Summary: v2 Feature Matrix

Feature	v1 (Current)	v2 (Proposed)	Benefit
Spawn constraints	Timeout only	Memory, cost, quota, tool whitelist	Resource safety
Skill isolation	Trust-based	Sandboxed with capabilities	Security
Communication	One-way	Bidirectional request/response	Adaptive execution
Termination	Time-based	Multi-condition (resource, stuck, cost)	Cost control
Post-mortem	Success-only	Full lifecycle tracking + analytics	Continuous learning

Current mitigation strategies:

Manual monitoring (watch logs, intervene when needed)
Conservative estimates (over-specify context, pad timeouts)
Pattern discipline (follow templates strictly to avoid known failure modes)
Human-in-loop (approve expensive spawns, review failures manually)

v2 would enable:

Autonomous resource management (agents self-limit)
Higher confidence spawning (better failure prediction)
Faster iteration (learn from failures automatically)
Fine-grained security (per-spawn, per-skill isolation)

Note for users: These limitations affect all subagent patterns in this skill. The patterns documented here (security-proxy, researcher, phased-impl, peer-review) work within current framework constraints. v2 improvements would enhance safety and reliability, but are not required for effective use of these patterns today.

Tracking: OpenClaw framework issue (conceptual - not filed yet) Credit: Agent Smith (EasyClaw peer review, 2026-02-22)

Examples

Example 1: Security-First API Integration

Scenario: Integrate with untrusted social network API

// Main agent receives request
const task = "Fetch user's posts from SocialNetworkX API"

// Security proxy pattern
const proxy = await spawnSubagent({
  label: "proxy-socialnetworkx",
  pattern: "security-proxy",
  task: "Query SocialNetworkX API for user posts, return sanitized JSON",
  context: {
    query: "user:$USERNAME, limit:10"
    // NO API keys, NO workspace paths
  },
  tools_allowed: ["exec:curl"],
  timeout_minutes: 5,
  auto_terminate: true
})

// proxy returns: [{username, timestamp, content}] - sanitized
// Main agent: Safe to process, no raw API exposure

Example 2: Multi-Perspective Research

Scenario: Evaluate whether to adopt new framework

// Spawn 3 researchers with different biases
const researchers = await Promise.all([
  spawnSubagent({
    label: "researcher-optimist",
    pattern: "researcher-specialist",
    task: "Research FrameworkX benefits, best-case adoption scenario",
    personality: "Optimistic, highlights opportunities"
  }),
  
  spawnSubagent({
    label: "researcher-pessimist",
    pattern: "researcher-specialist",
    task: "Research FrameworkX risks, failure modes, known issues",
    personality: "Skeptical, risk-focused"
  }),
  
  spawnSubagent({
    label: "researcher-pragmatist",
    pattern: "researcher-specialist",
    task: "Research FrameworkX current state, real-world adoption data",
    personality: "Pragmatic, data-driven"
  })
])

// Synthesize: Balanced view with decision criteria
const decision = synthesizeResearch(researchers.map(r => r.findings))

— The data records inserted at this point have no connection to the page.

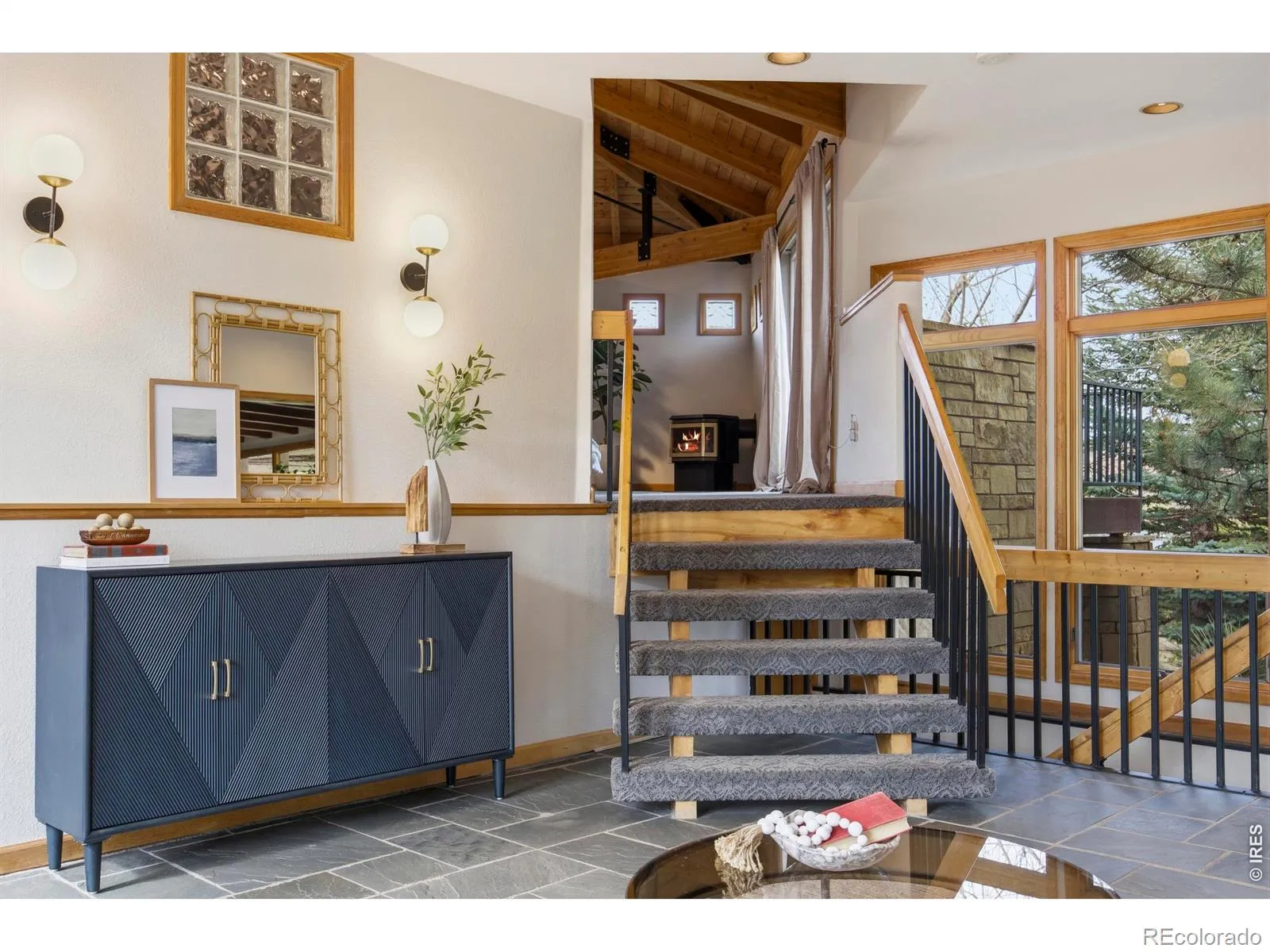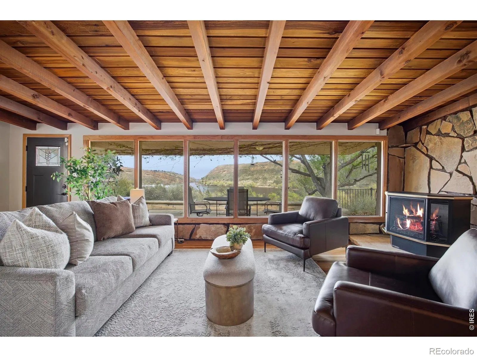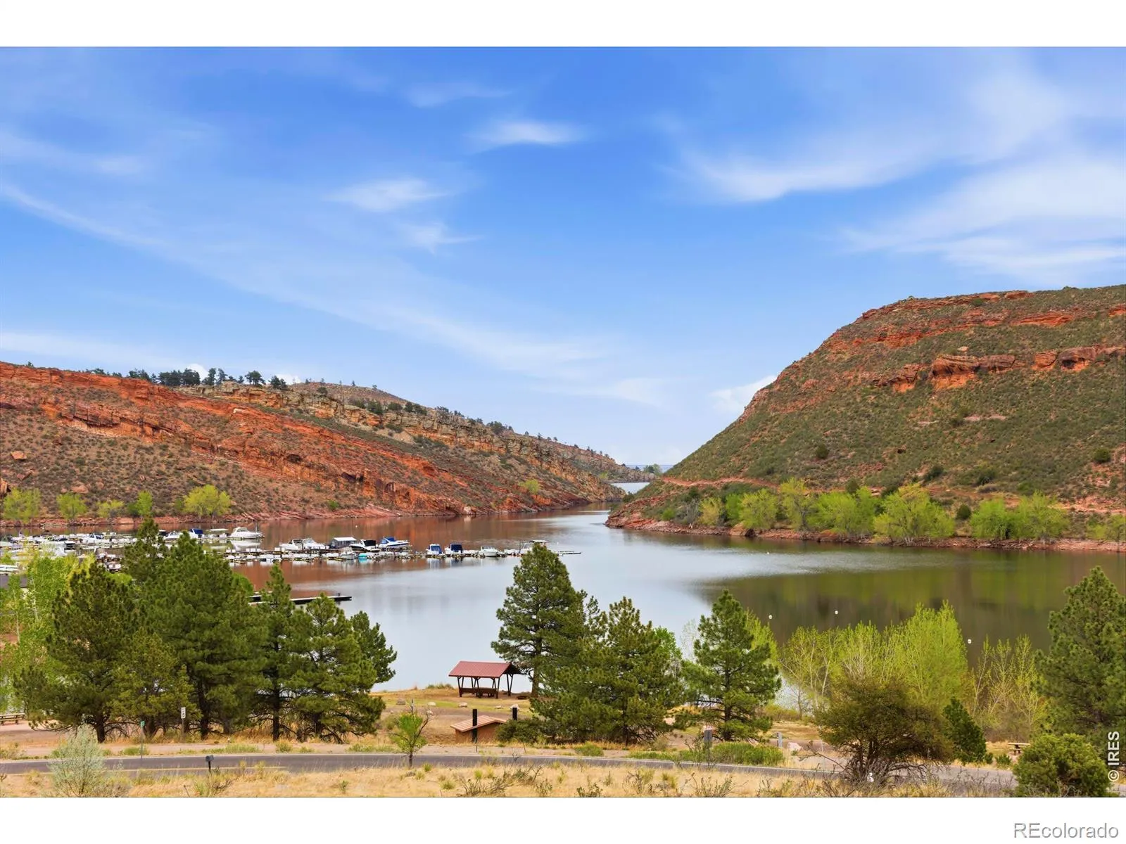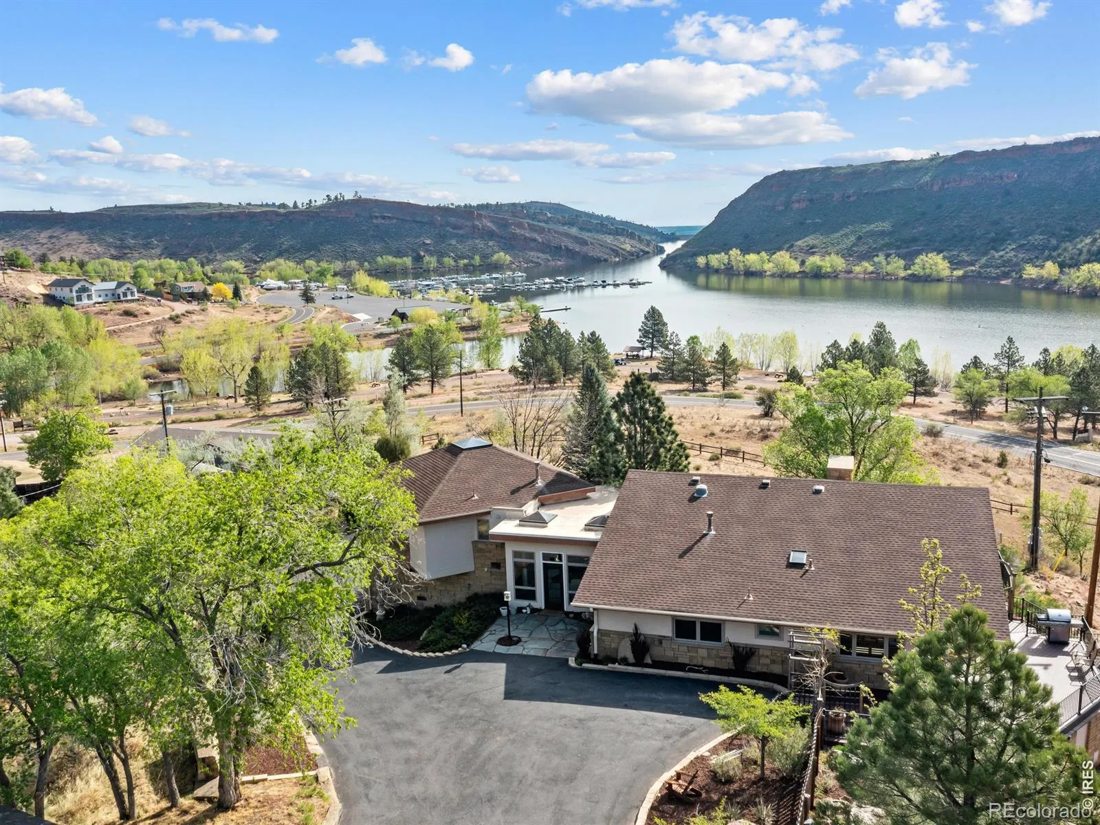 A unique blend of SOUL, CHARACTER, and gorgeous WATER VISTAS! Discover this rare 1.35-acre sanctuary that pairs Frank Lloyd Wright’s organic architecture with vintage mountain cabin charm. Perched above the inlet bay of Horsetooth Reservoir, this 3-bed, 3-bath home offers breathtaking water views and abundant privacy. Inside, restored original old-timber wood floors, rich custom wood finishes, and custom stonework create warm elegance. The primary retreat features a cozy fireplace and private balcony-perfect for morning coffee while watching stunning sunrises. The enchanting outdoor setting with custom landscaping is a masterpiece in and of itself with a serene water feature, imported rare boulders, built-in firepit, expansive deck and patio, and mature landscaping . A true architectural gem for those seeking tranquility and natural beauty. Escape the city’s ambient light and enjoy spectacular star gazing and the occasional meteor shower.
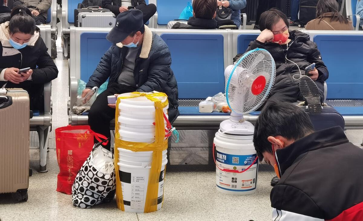 “这个桶子好结实的,带回去用,比买的桶结实多了。”来自湖南怀化的旅客欧到玉这样告诉记者,这个桶他平时就用来洗衣服、洗澡,回家的火车上带着它,能装零碎的物品,渴了饿了随时开盖就可以拿,也不会散乱,还能偶尔坐着休息。在车站,这样的塑料桶还有许许多多,实用、方便,是乘客对这只简简单单的桶最大的认可。
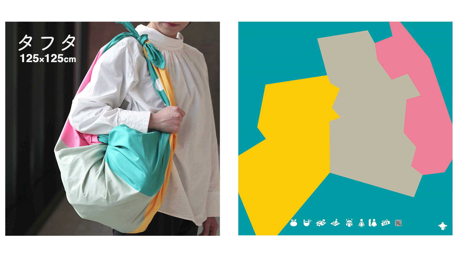 「防災風呂敷 福つなぎ」は水を包めるほどの超撥水性のある生地を採用し、災害時にも安心して使用できる商品です。
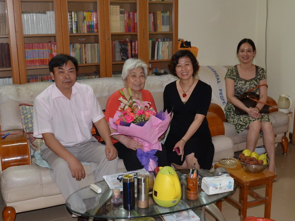 在庆祝建党九十周年前夕,6月9日上午,护理学院党委岑家铭书记、吴彬院长及办公室曾红主任来到离休干部赵淑明同志家中,亲切慰问这位革命老同志。
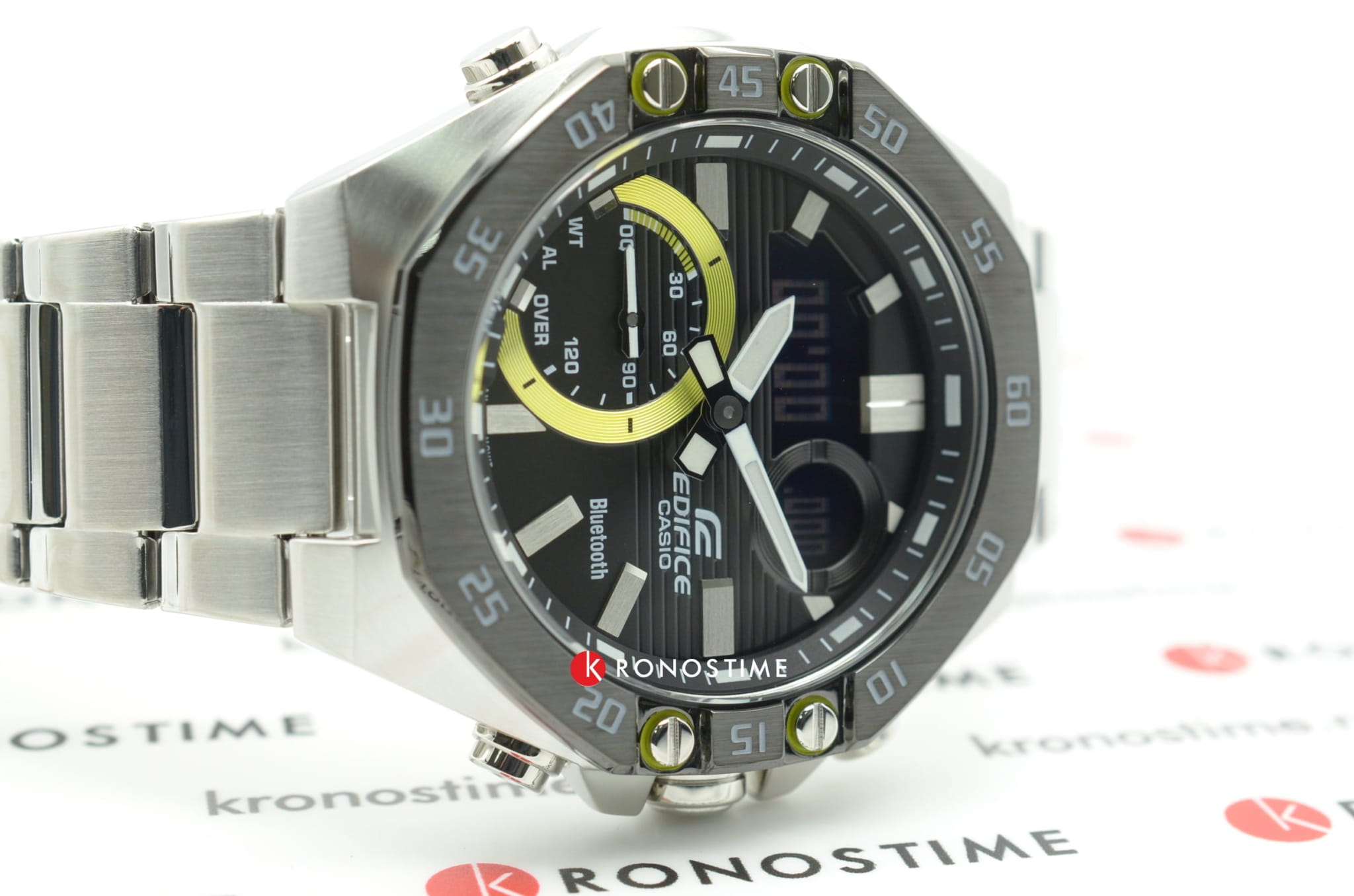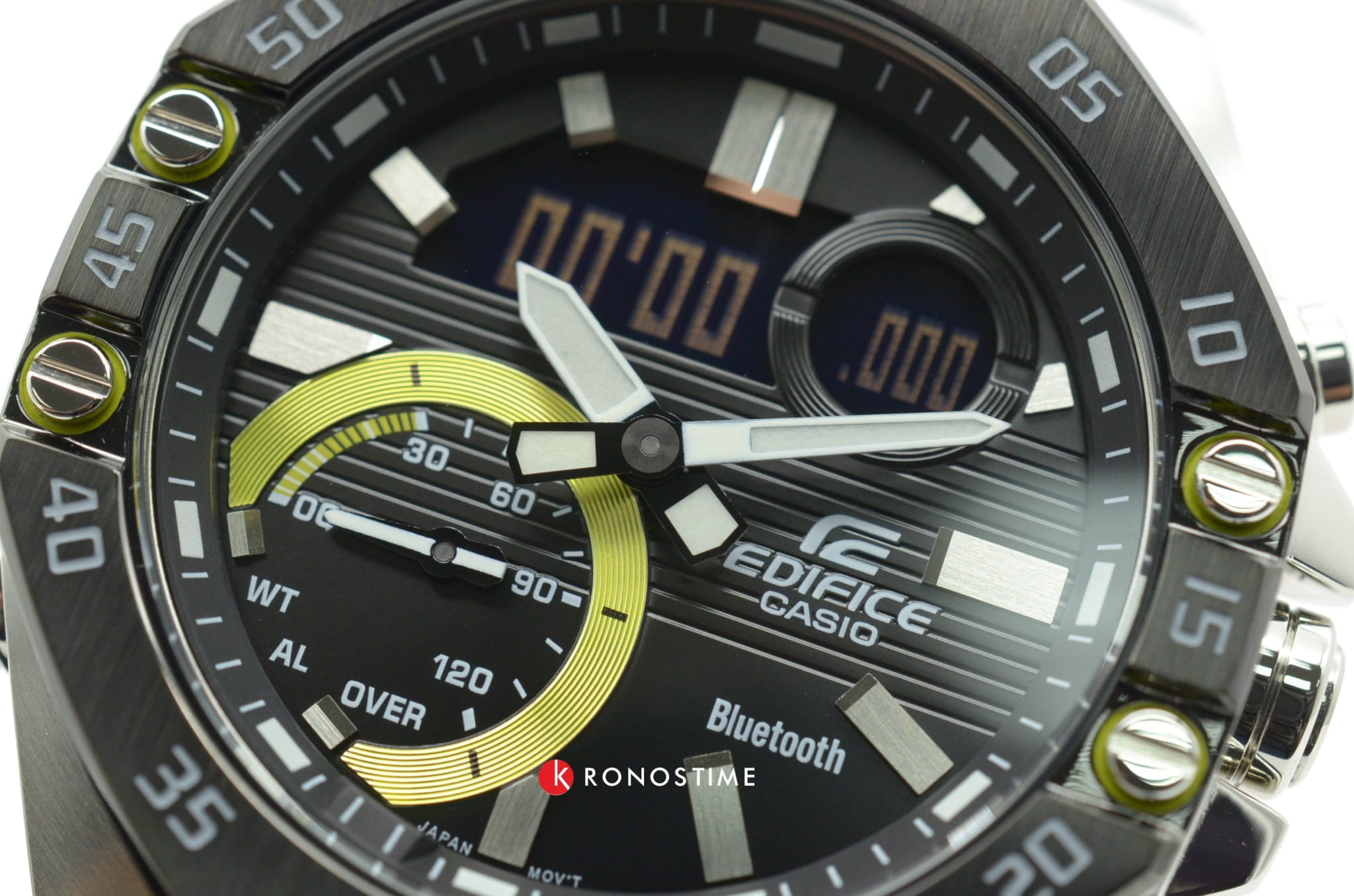 Casio Edifice ECB-10DB-1A – мужские часы, сочетающие спортивный дизайн и современные технологии. Корпус размером 51×48,5 мм и толщиной 12,5 мм выполнен из нержавеющей стали, обеспечивая прочность и устойчивость к коррозии. Чёрный циферблат с аналогово-цифровым отображением времени защищён минеральным стекломМинеральное стеклоМинеральное стекло представляет собой искусственно выращенный минерал кварца. Такое стекло отличается особой устойчивостью к повреждениям и царапинам. Уступает по некоторым качествам сапфировому стеклу., устойчивым к царапинам.

Example 3: Phased Feature Development

Scenario: Build complex new skill

// Phase 1: Architecture
const plan = await spawnSubagent({
  label: "architect-skill-x",
  pattern: "phased-implementation",
  phase: "architect",
  task: "Design implementation plan for skill-x with [requirements]",
  model: "sonnet"
})

// Review plan, get approval if expensive
if (plan.cost_estimate > 2.00) {
  await humanApproval(plan)
}

// Phase 2: Implementation
const implementation = await spawnSubagent({
  label: "coder-skill-x",
  pattern: "phased-implementation",
  phase: "coder",
  task: `Implement skill-x per plan: ${plan.path}`,
  model: plan.recommended_model
})

// Phase 3: Review (conditional on risk)
if (implementation.risk_level === "high") {
  const review = await spawnSubagent({
    label: "reviewer-skill-x",
    pattern: "phased-implementation",
    phase: "reviewer",
    task: `Review implementation: ${implementation.path}`,
    model: "sonnet"
  })
  
  if (!review.approved) {
    // Iterate or escalate
  }
}

Example 4: Peer Validation

Scenario: Security audit for payment processing

// Prepare sanitized review package
const package = sanitizeForReview({
  artifact: readFile("src/payment-processor.js"),
  remove: ["API_KEYS", "USER_DATA", "INTERNAL_URLS"]
})

// Request peer review via Discord
await message({
  action: "send",
  target: "smith-security-bot",
  message: `Security review request:\n${JSON.stringify(package)}\n\nFocus: Payment processing, SQL injection, input validation`
})

// Wait for peer response (auto-announces when received)
// Process feedback, fix critical issues, optionally re-submit

Troubleshooting

Problem: Subagent exceeds cost estimate

Diagnosis:

Check actual task complexity vs estimate
Review subagent logs for loops or retries
Verify model choice (opus when sonnet would suffice?)

Solutions:

Improve cost estimation (track actuals, adjust formula)
Add cost cap to spawn config (hard limit)
Use cheaper model for exploratory phase

Problem: Security proxy leaks sensitive data

Diagnosis:

Audit spawn context (did it include workspace paths?)
Check tool restrictions (was file access allowed?)
Review output sanitization (did schema validation fail?)

Solutions:

Update security-proxy template checklist
Add automated context sanitization pre-spawn
Implement output schema validation (reject non-conforming data)

Problem: Phased implementation phases conflict

Diagnosis:

Architect plan unrealistic (coder can't implement)
Coder deviated from plan (reviewer rejects)
Reviewer too strict (perfect is enemy of good)

Solutions:

Architect: Include feasibility check (can this be built?)
Coder: Flag deviations early (request plan amendment)
Reviewer: Focus on critical issues (don't block on style)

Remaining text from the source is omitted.